*** Opening GIVEN INFORMATION ***

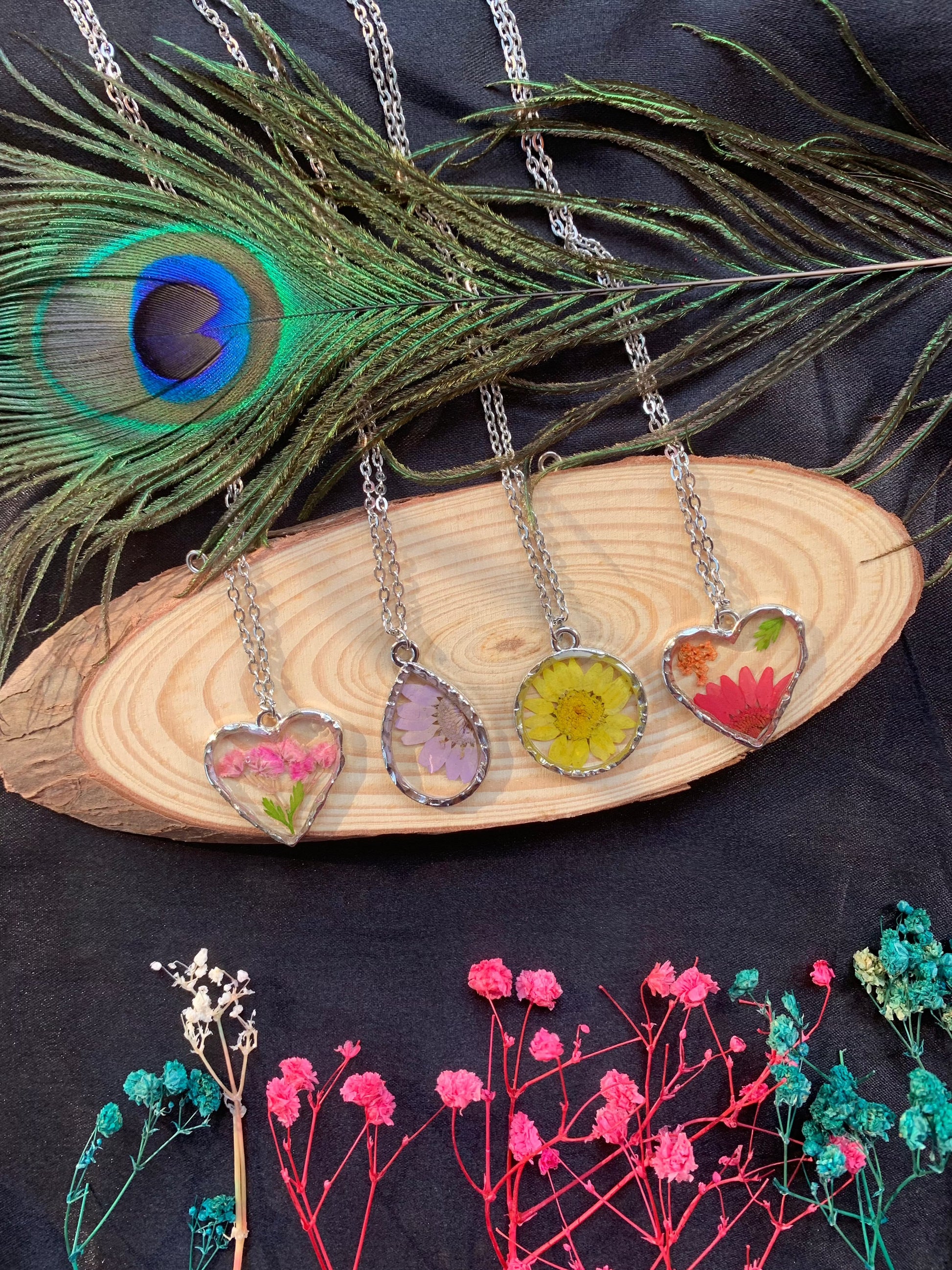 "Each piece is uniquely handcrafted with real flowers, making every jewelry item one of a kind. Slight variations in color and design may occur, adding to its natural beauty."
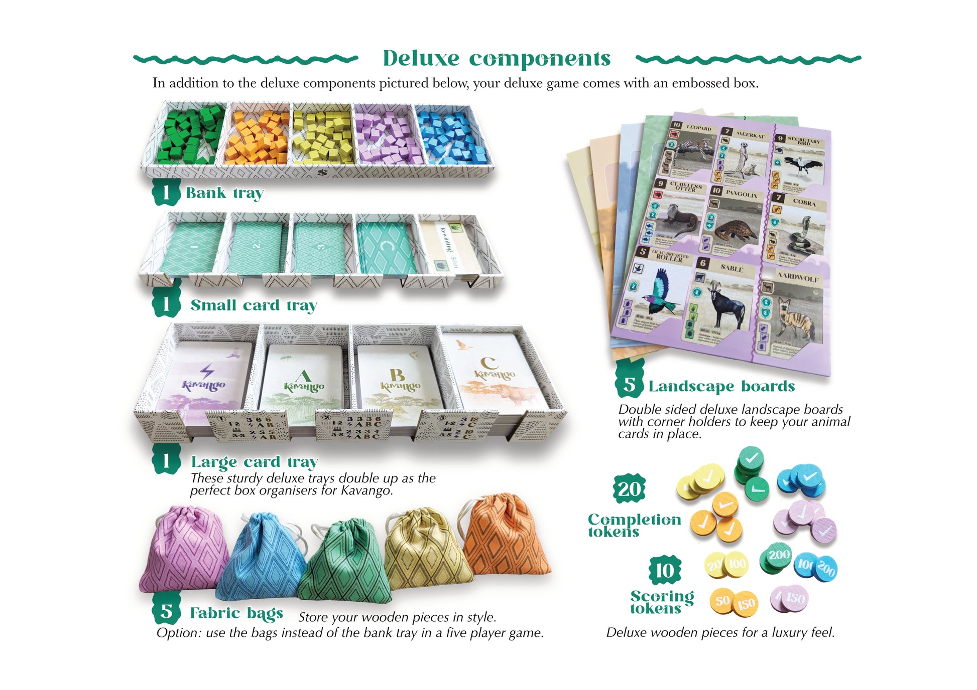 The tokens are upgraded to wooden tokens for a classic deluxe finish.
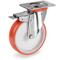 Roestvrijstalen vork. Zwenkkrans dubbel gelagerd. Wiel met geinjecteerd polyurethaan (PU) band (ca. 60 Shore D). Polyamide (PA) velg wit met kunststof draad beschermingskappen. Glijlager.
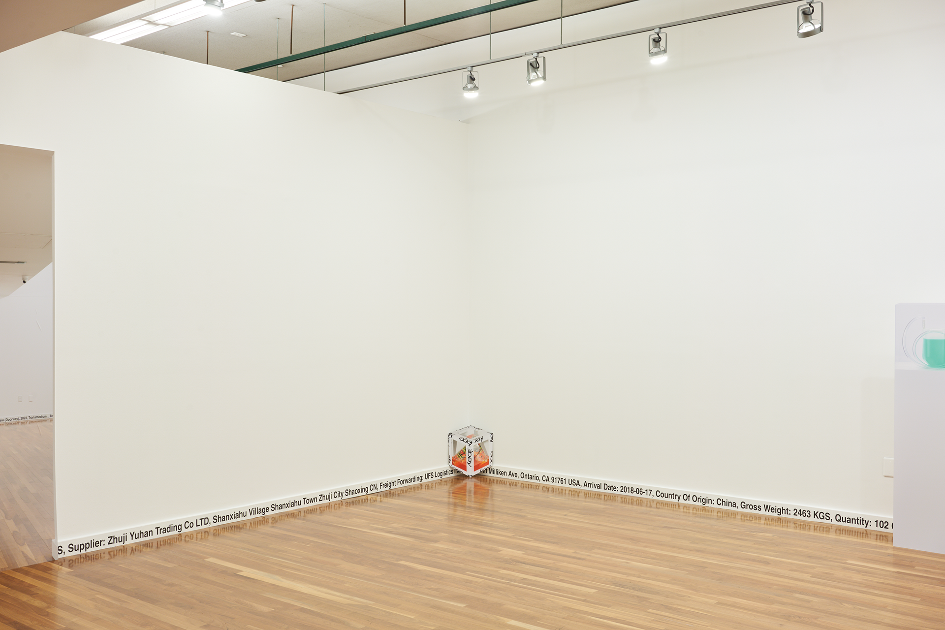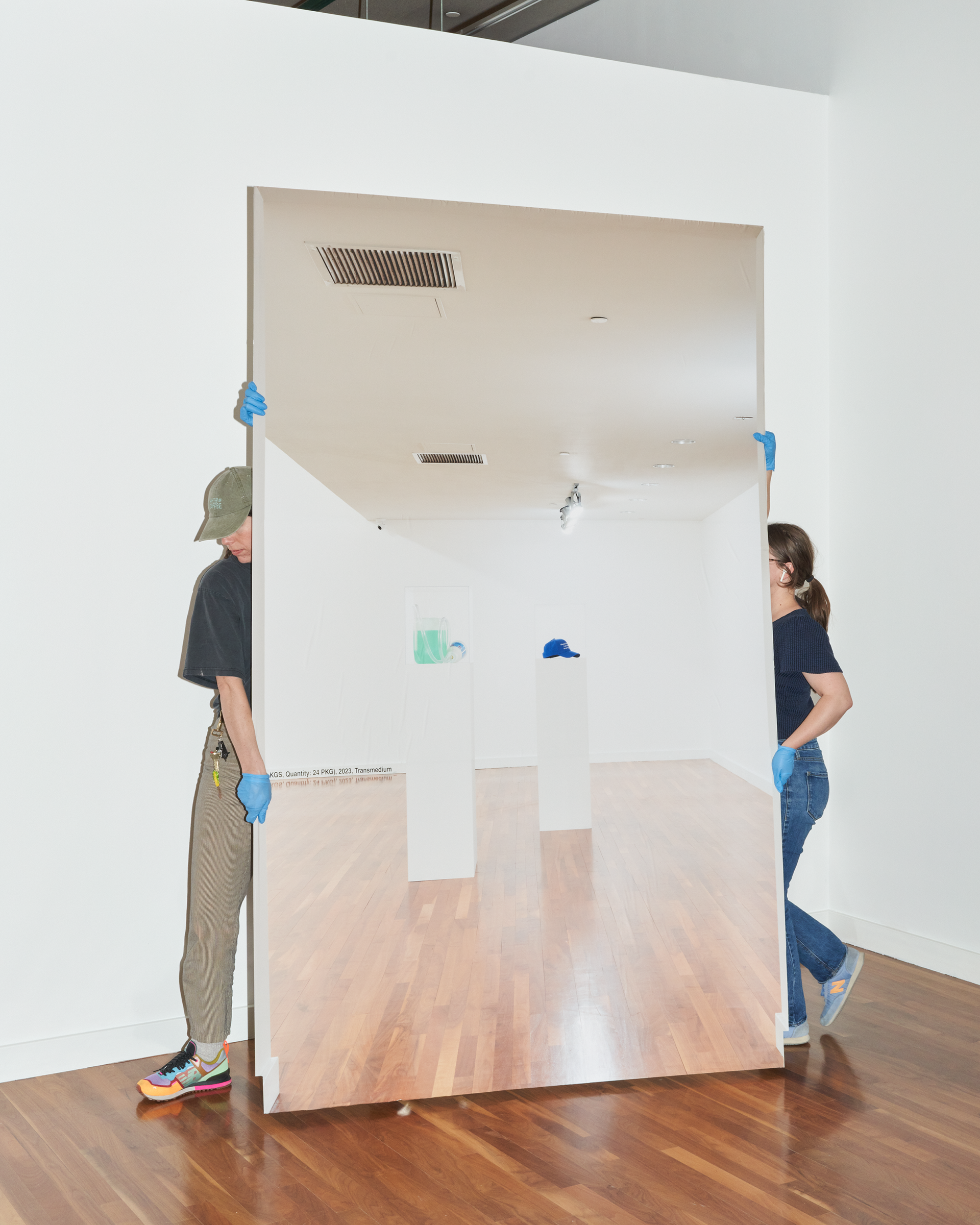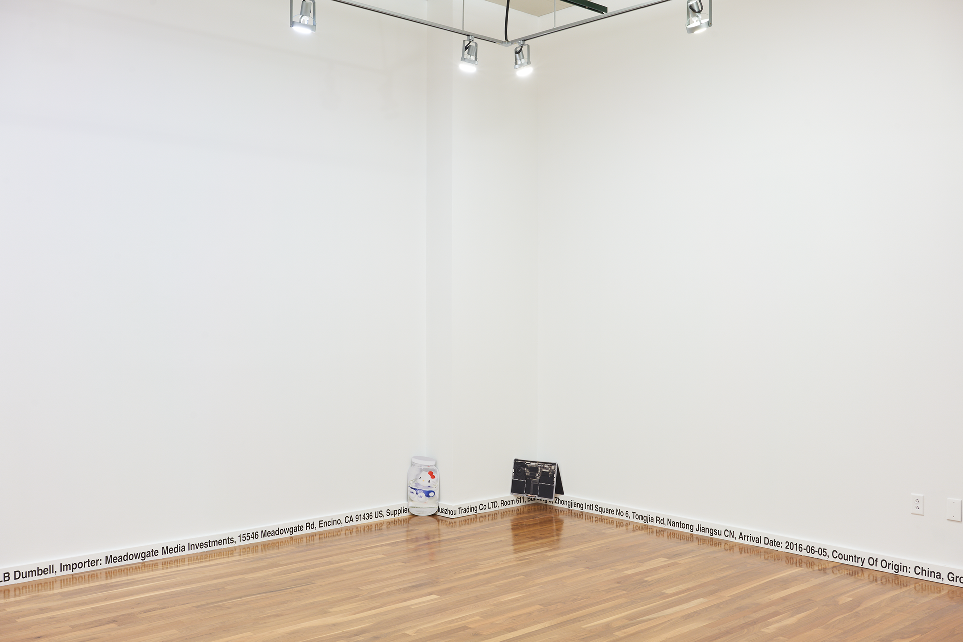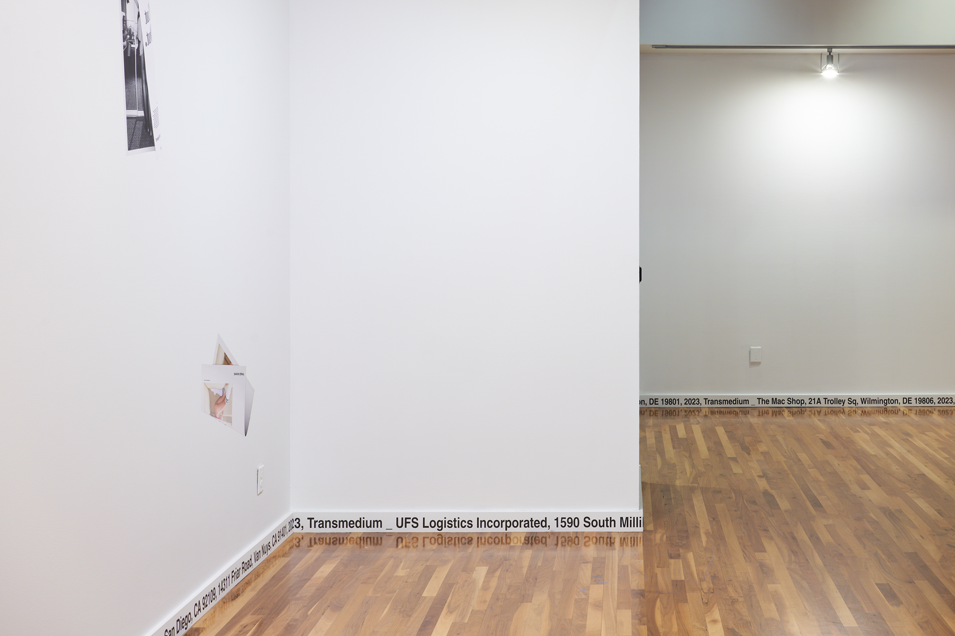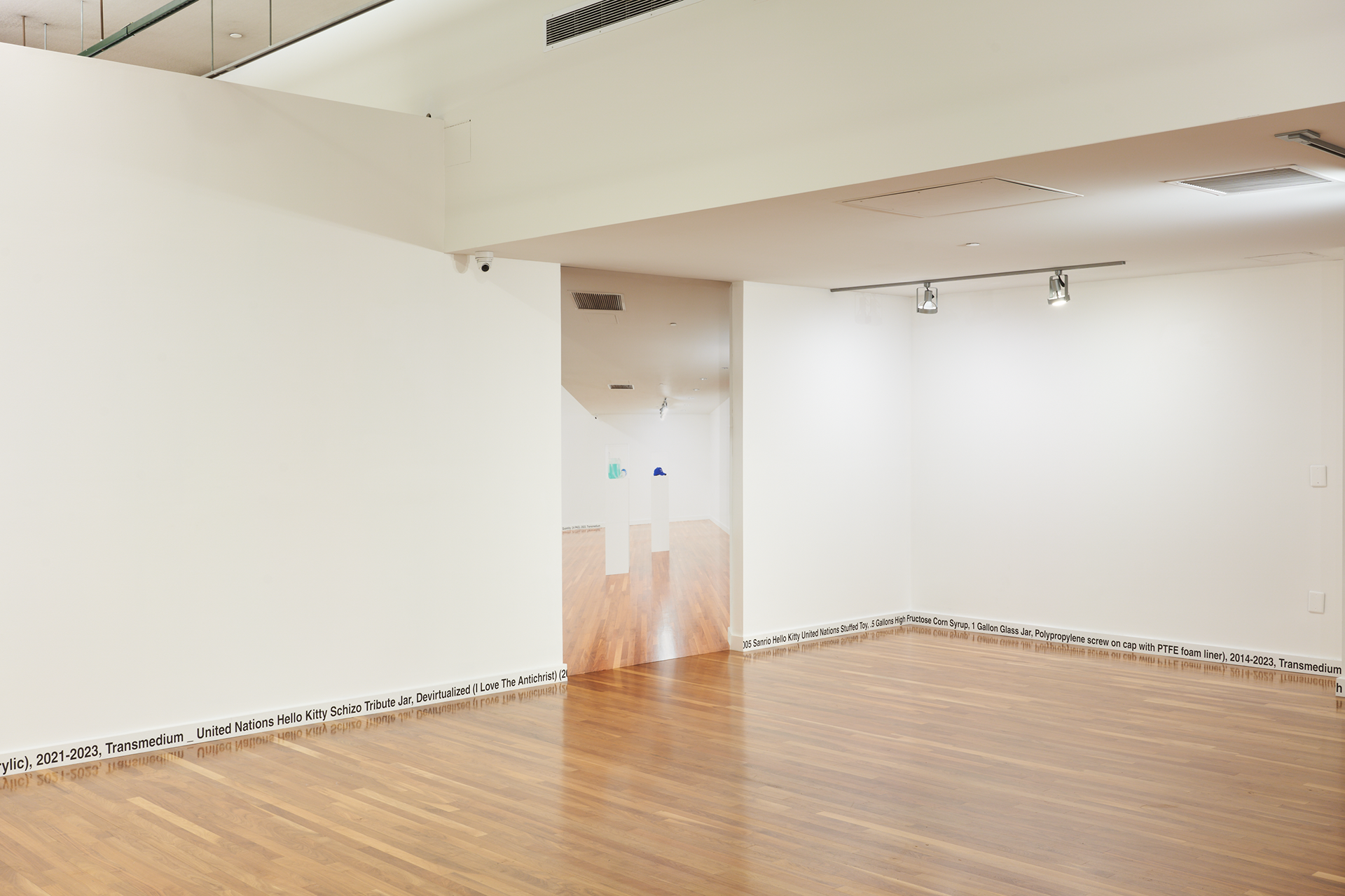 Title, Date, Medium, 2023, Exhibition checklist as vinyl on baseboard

*** Closing GIVEN INFORMATION ***

## YOUR OBJECTIVE:
With the images excluded, reproduce the data above precisely as written.

## RESULT OF THIS TASK:
 "Each piece is uniquely handcrafted with real flowers, making every jewelry item one of a kind. Slight variations in color and design may occur, adding to its natural beauty."
 The tokens are upgraded to wooden tokens for a classic deluxe finish.
 Roestvrijstalen vork. Zwenkkrans dubbel gelagerd. Wiel met geinjecteerd polyurethaan (PU) band (ca. 60 Shore D). Polyamide (PA) velg wit met kunststof draad beschermingskappen. Glijlager.
 Title, Date, Medium, 2023, Exhibition checklist as vinyl on baseboard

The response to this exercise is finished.